===== INPUT DATA =====
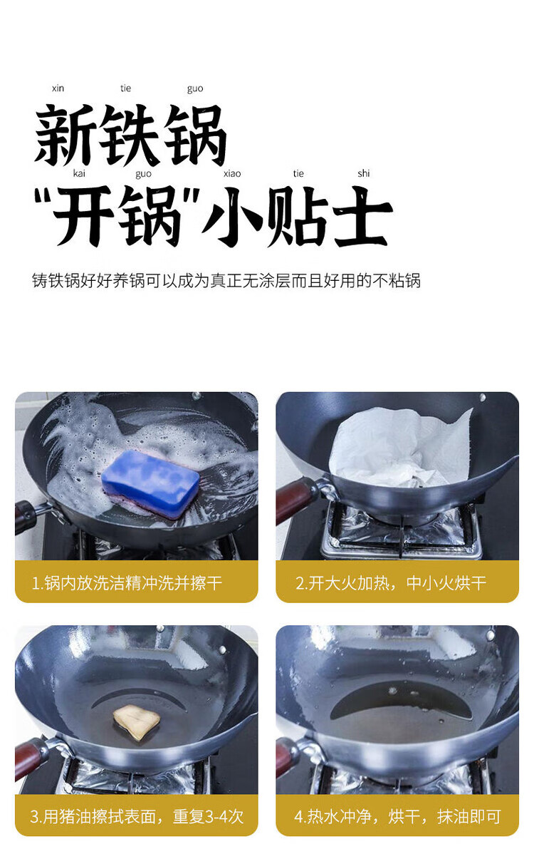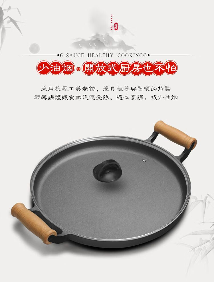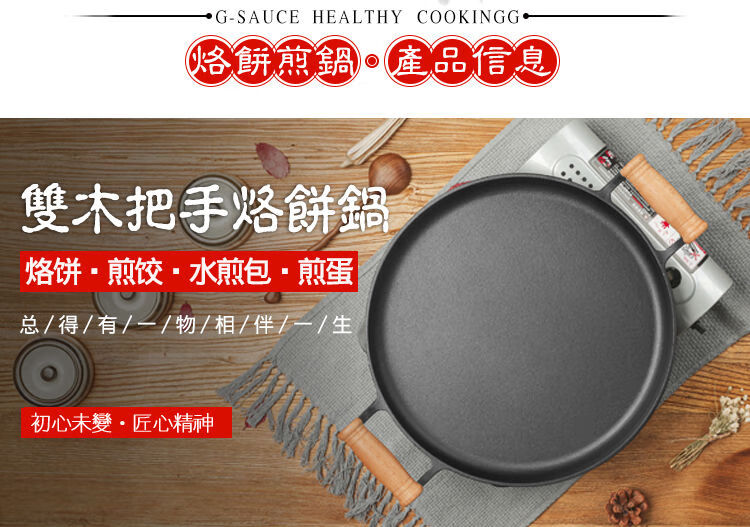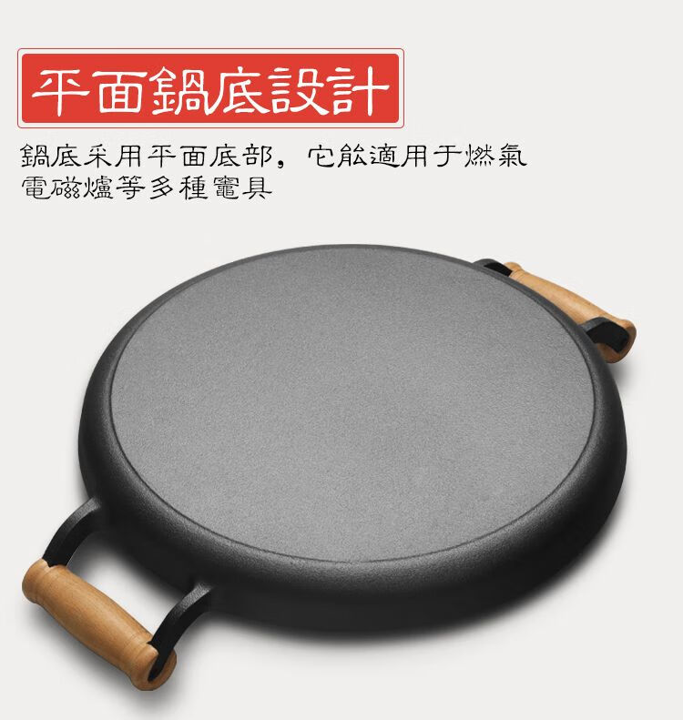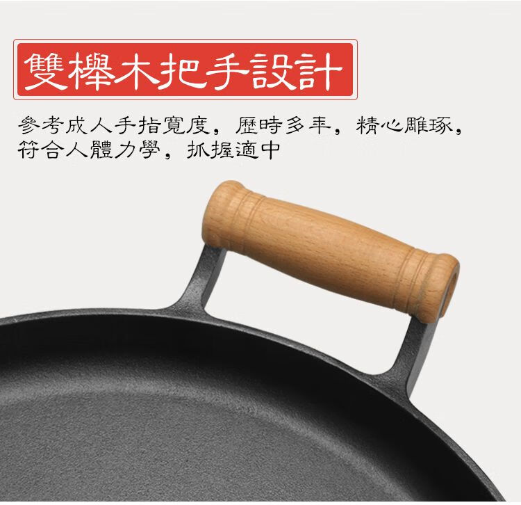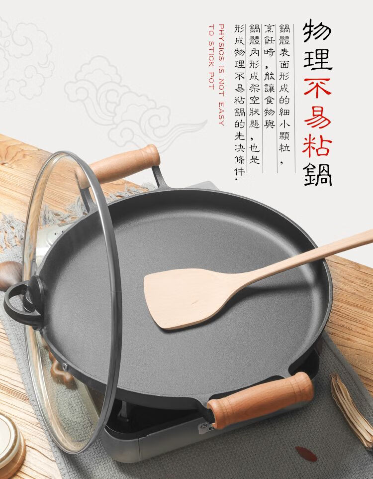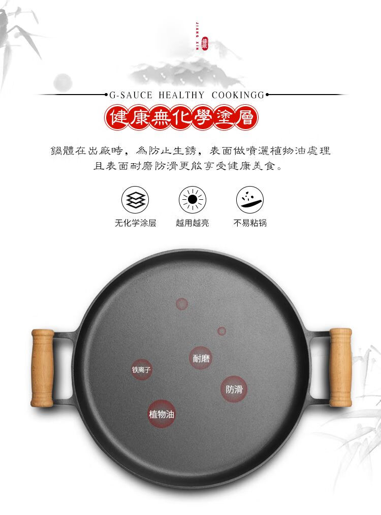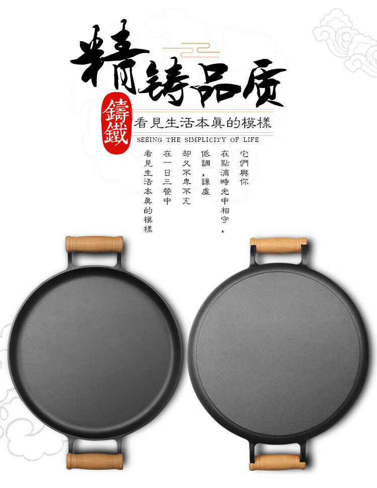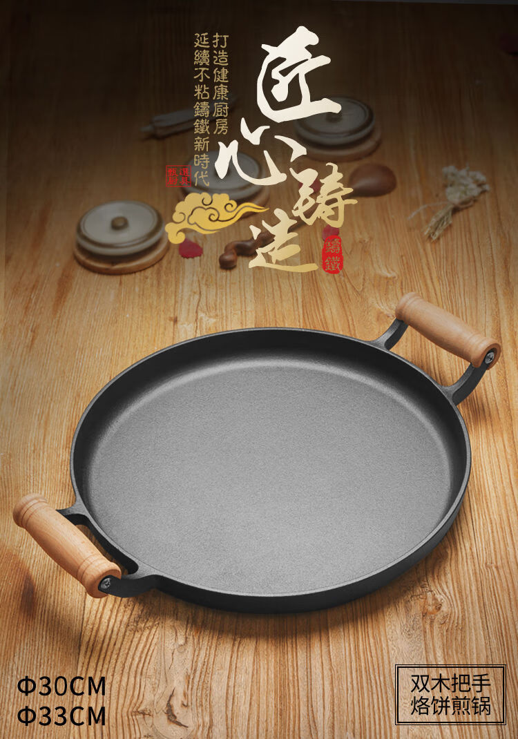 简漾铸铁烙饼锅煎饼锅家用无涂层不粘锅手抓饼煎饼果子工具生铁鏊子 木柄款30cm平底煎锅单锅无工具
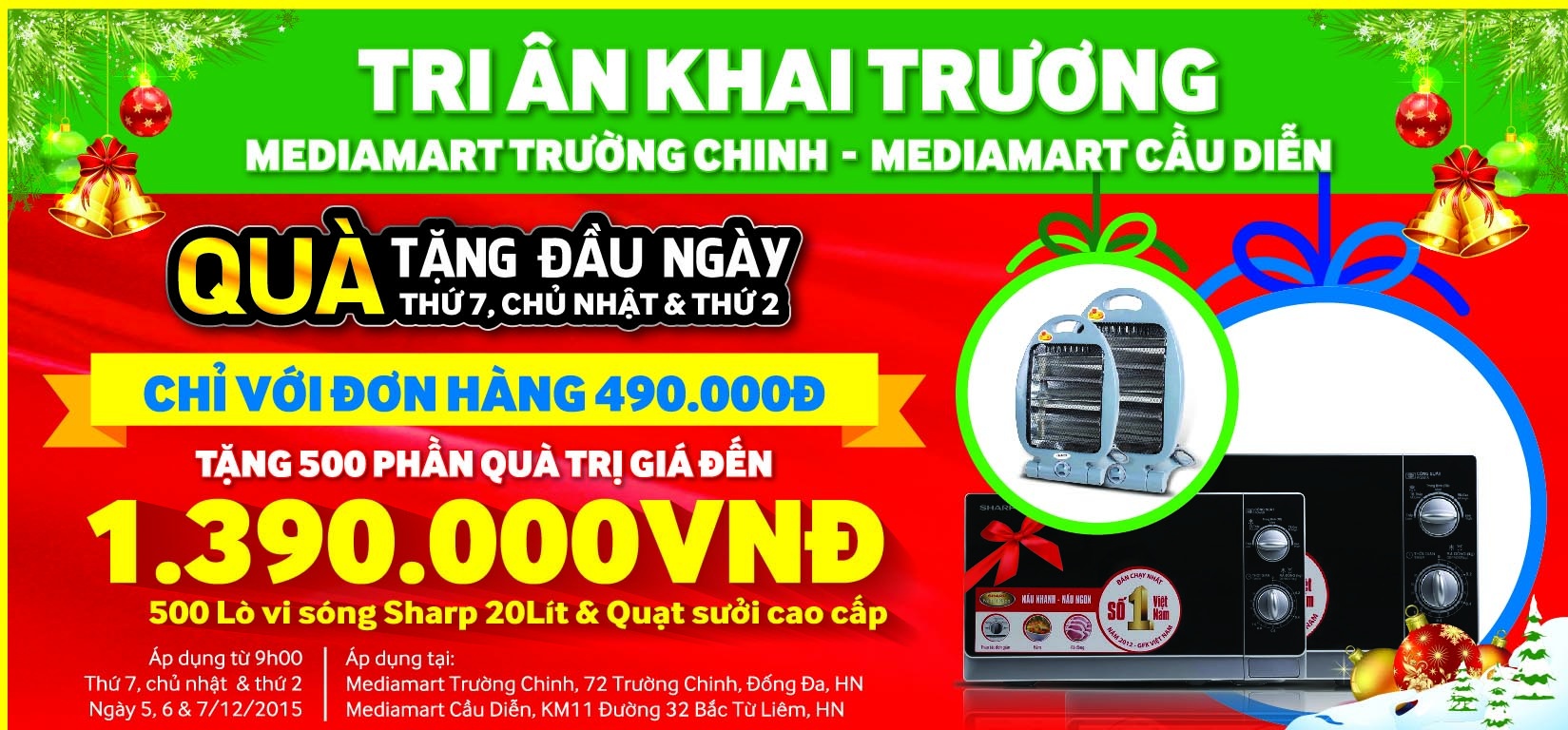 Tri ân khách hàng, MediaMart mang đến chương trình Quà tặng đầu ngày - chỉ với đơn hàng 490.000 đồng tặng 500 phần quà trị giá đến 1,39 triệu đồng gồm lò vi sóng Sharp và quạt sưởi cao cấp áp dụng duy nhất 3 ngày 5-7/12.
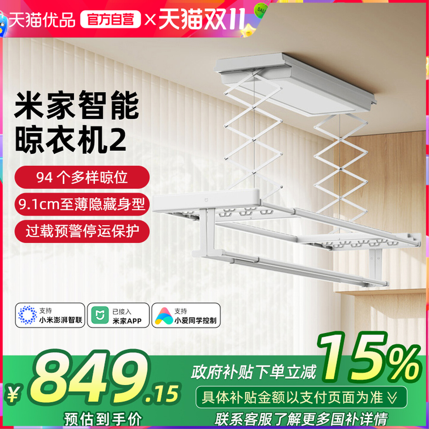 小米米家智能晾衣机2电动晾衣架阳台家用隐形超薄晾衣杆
=====
▶ **AIM OF THE EXERCISE**
Hand back every line of the material, exactly, without the pictures.

▶ **EXERCISE RESPONSE**
 简漾铸铁烙饼锅煎饼锅家用无涂层不粘锅手抓饼煎饼果子工具生铁鏊子 木柄款30cm平底煎锅单锅无工具
 Tri ân khách hàng, MediaMart mang đến chương trình Quà tặng đầu ngày - chỉ với đơn hàng 490.000 đồng tặng 500 phần quà trị giá đến 1,39 triệu đồng gồm lò vi sóng Sharp và quạt sưởi cao cấp áp dụng duy nhất 3 ngày 5-7/12.
 小米米家智能晾衣机2电动晾衣架阳台家用隐形超薄晾衣杆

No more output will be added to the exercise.